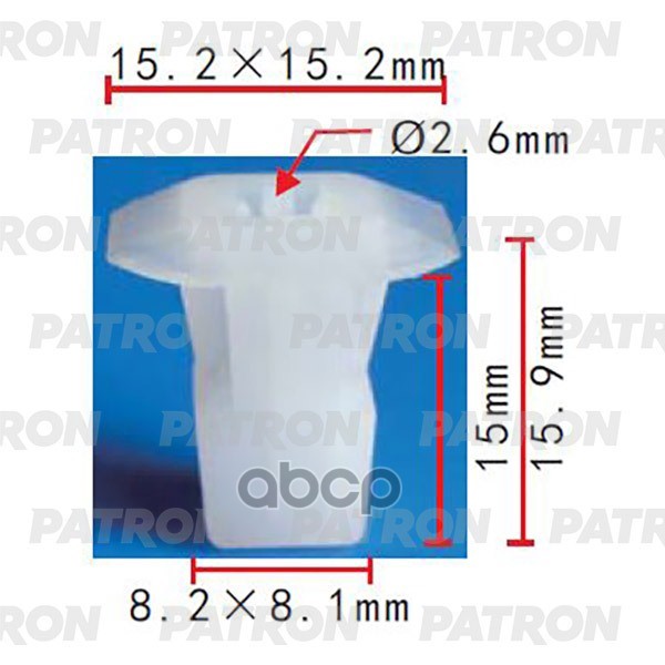 Клипса пластмассовая Применяемость: Пистон молдинга Lexus Toyota D=8.6, T=12.0x11.4, F=10.9x7.2, H=30.6
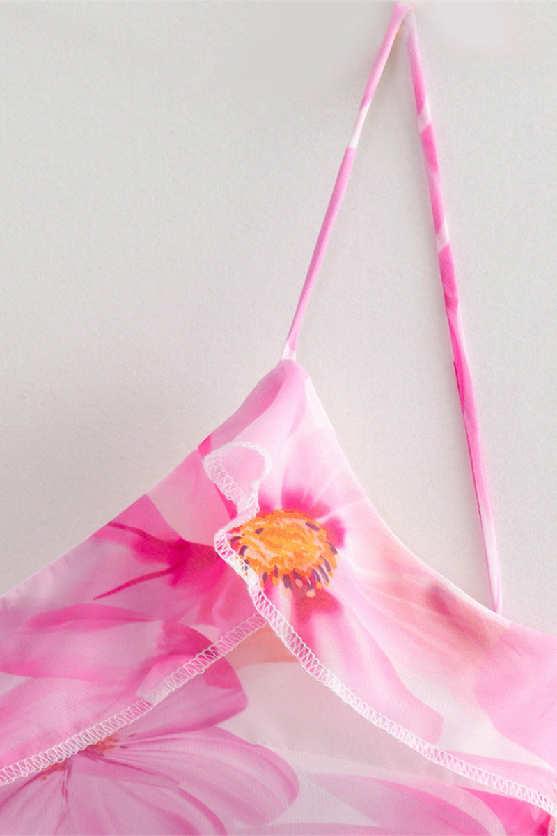 Sexy rückenfreies Sling-Kleid mit Blumendruck und Rüschen und V-Ausschnitt
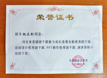 近日,由共青团河北省委组织的河北省首届团干部能力成长竞赛决赛结束,在100余名参赛选手中,我系团总支书记赵立杉老师荣获“全能优秀团干部、活动设计优秀团干部、PPT制作优秀团干部、演讲答辩十佳团干部”等四项称号,为KY开元集团官网争得了荣誉。河北省首届团干部能力成长竞赛是河北省团省委为进一步加强全省共青团干部能力素质建设,切实提升各级团干部在新形势下做好共青团工作的能力和本领,面向全省各级团组织举办的竞赛。
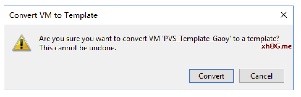 点击Convert,并更名为PVSTemplate(不建议模版名称PVS使用下划线及其他字符)
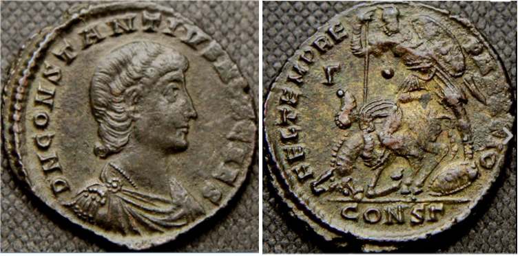 | Constantinople RIC VIII 107, Γ var | Constantius Gallus, AE3 of Constantinople. DN CONSTANTIVS NOB CAES, bare-headed, draped, cuirassed bust right / FEL TEMP RE-PARATIO, soldier standing left, knee raised, spearing fallen horseman who is wearing a Phrygian helmet, clutching horse's neck. Left field: Γ. Centre: Dot. Mintmark: CONSΓ. RIC VIII Constantinople 107 var (obv. legend). | Text | ![]() |
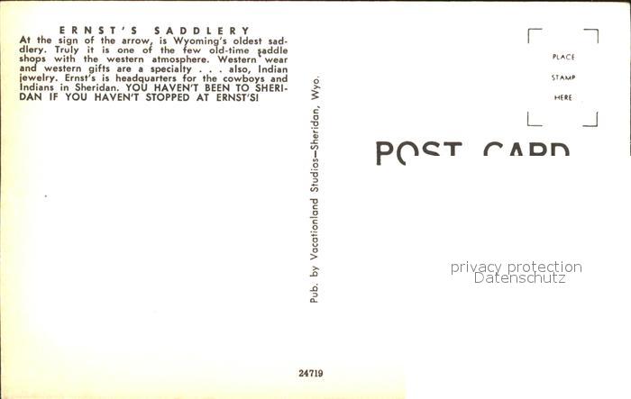 11688359 Sheridan Wyoming Ernst’s Saddlery Westernwear postalisch nicht gelaufen Erhaltung siehe scans KatCode: 14140530000000
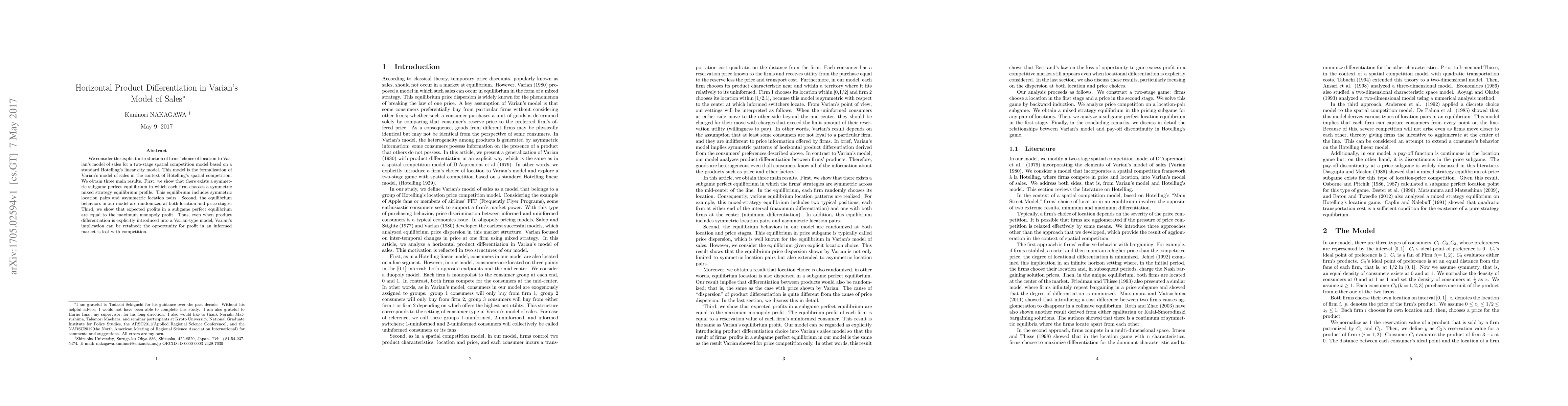 We consider the explicit introduction of firms' choice of location to Varian's model of sales for a two-stage spatial competition model based on a standard Hotelling's linear city model. This model is the formalization of Varian's model of sales in the context of Hotelling's spatial competition. We obtain three main results. First, we show that there exists a subgame perfect equilibrium in which each firm chooses a symmetric mixed strategy equilibrium profile. This equilibrium includes symmetric location pairs and asymmetric location pairs. Second, the equilibrium behaviors in our model are randomized at both location and price stages. Third, we show that expected profits in a subgame perfect equilibrium are equal to the maximum monopoly profit from an uninformed market. Thus, even when product differentiation is explicitly introduced into a Varian-type model, Varian's implication can be retained; the opportunity for profit in an informed market is lost with competition.

The task. Output each line of the records exactly. Any picture is skipped.

Exercise response.
 Клипса пластмассовая Применяемость: Пистон молдинга Lexus Toyota D=8.6, T=12.0x11.4, F=10.9x7.2, H=30.6
 Sexy rückenfreies Sling-Kleid mit Blumendruck und Rüschen und V-Ausschnitt
 近日,由共青团河北省委组织的河北省首届团干部能力成长竞赛决赛结束,在100余名参赛选手中,我系团总支书记赵立杉老师荣获“全能优秀团干部、活动设计优秀团干部、PPT制作优秀团干部、演讲答辩十佳团干部”等四项称号,为KY开元集团官网争得了荣誉。河北省首届团干部能力成长竞赛是河北省团省委为进一步加强全省共青团干部能力素质建设,切实提升各级团干部在新形势下做好共青团工作的能力和本领,面向全省各级团组织举办的竞赛。
 点击Convert,并更名为PVSTemplate(不建议模版名称PVS使用下划线及其他字符)
 | Constantinople RIC VIII 107, Γ var | Constantius Gallus, AE3 of Constantinople. DN CONSTANTIVS NOB CAES, bare-headed, draped, cuirassed bust right / FEL TEMP RE-PARATIO, soldier standing left, knee raised, spearing fallen horseman who is wearing a Phrygian helmet, clutching horse's neck. Left field: Γ. Centre: Dot. Mintmark: CONSΓ. RIC VIII Constantinople 107 var (obv. legend). | Text | ![]() |
 11688359 Sheridan Wyoming Ernst’s Saddlery Westernwear postalisch nicht gelaufen Erhaltung siehe scans KatCode: 14140530000000
 We consider the explicit introduction of firms' choice of location to Varian's model of sales for a two-stage spatial competition model based on a standard Hotelling's linear city model. This model is the formalization of Varian's model of sales in the context of Hotelling's spatial competition. We obtain three main results. First, we show that there exists a subgame perfect equilibrium in which each firm chooses a symmetric mixed strategy equilibrium profile. This equilibrium includes symmetric location pairs and asymmetric location pairs. Second, the equilibrium behaviors in our model are randomized at both location and price stages. Third, we show that expected profits in a subgame perfect equilibrium are equal to the maximum monopoly profit from an uninformed market. Thus, even when product differentiation is explicitly introduced into a Varian-type model, Varian's implication can be retained; the opportunity for profit in an informed market is lost with competition.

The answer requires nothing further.